Я учусь, работаю, делаю ролевую игру, танцую по средам вальсы (обнимаю невероятно хорошего человека — и от этого легче и теплее), встречаюсь с друзьями, собираю каштаны, перевожу фанфики с английского, хожу по вечерам в лесопарк жонглировать булавами и совершенно не знаю, как жить эту жизнь.
Знаю только, что всё станет лучше, когда выпадет снег.
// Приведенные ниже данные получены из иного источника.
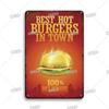 Burgerskylt Bäst i stan 100% Nötkött BBQ Vintage Dekor Varmkorvar Kökdekorationer Väggplakett Retro Dekor Vintage Matskylt

Это квази-религия, мы её придумали на своём втором курсе — мы двое, я и она. На том же втором курсе, когда был шекспировский театр, дерево над Малой Бронной, допуск к экзамену по руслиту с убийственным «стонет сизый голубочек» и регги-танцы на Самайн. Придумали, когда сидели на втором уже по счёту дереве — в гнезде, укутавшись в тёплый и широкий шерстяной шарф, — и я пересказывал ей сказку Андерсена о Ледяной деве.
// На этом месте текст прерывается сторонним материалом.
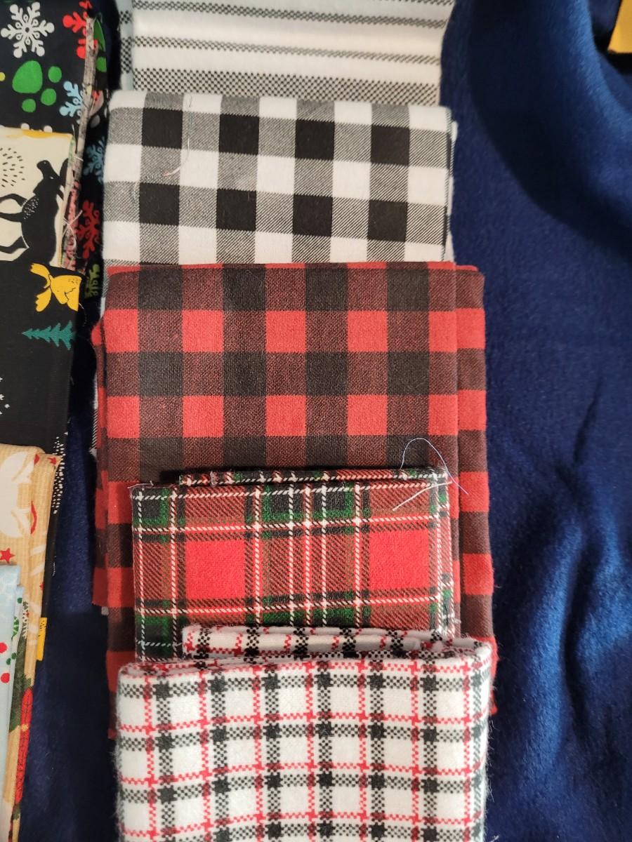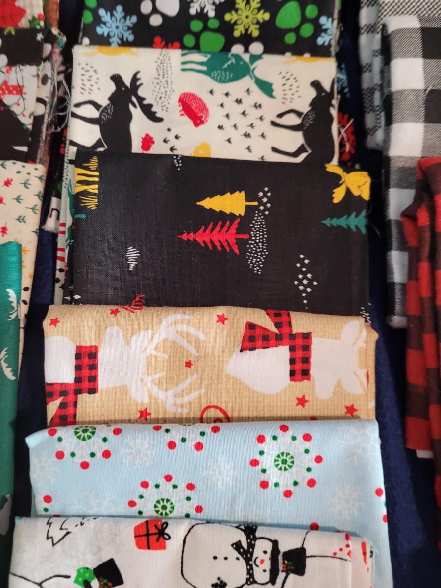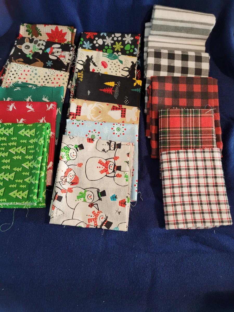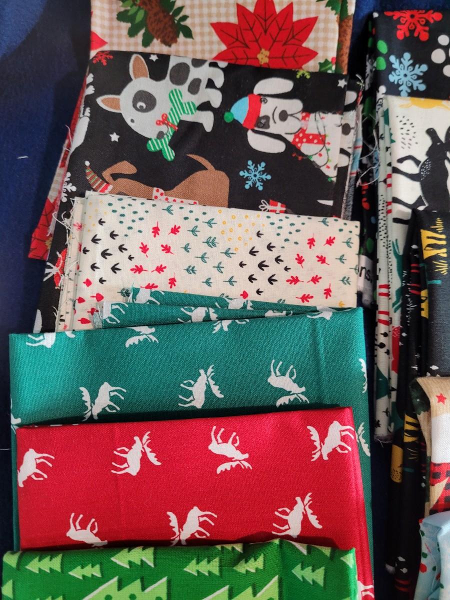 12 Cotton Christmas fat quarters and 5 flannel fat quarters

«...Прозрачная голубовато-зеленая вода, вытекавшая из горного глетчера, была холодна, как лед, и глубока. Молодые охотники, девушки, женщины и мужчины, некогда провалившиеся в расщелины скал, стояли перед ним как живые, широко раскрыв глаза и улыбаясь, а из глубины, из погребенных под лавинами городов, доносился колокольный звон; молящиеся преклонили колена под сводами церкви; льдины образовали орган, горные потоки загудели…»
Скоро выпадет снег, и всё будет хорошо.

@музыка: Сплин - "Она была так прекрасна"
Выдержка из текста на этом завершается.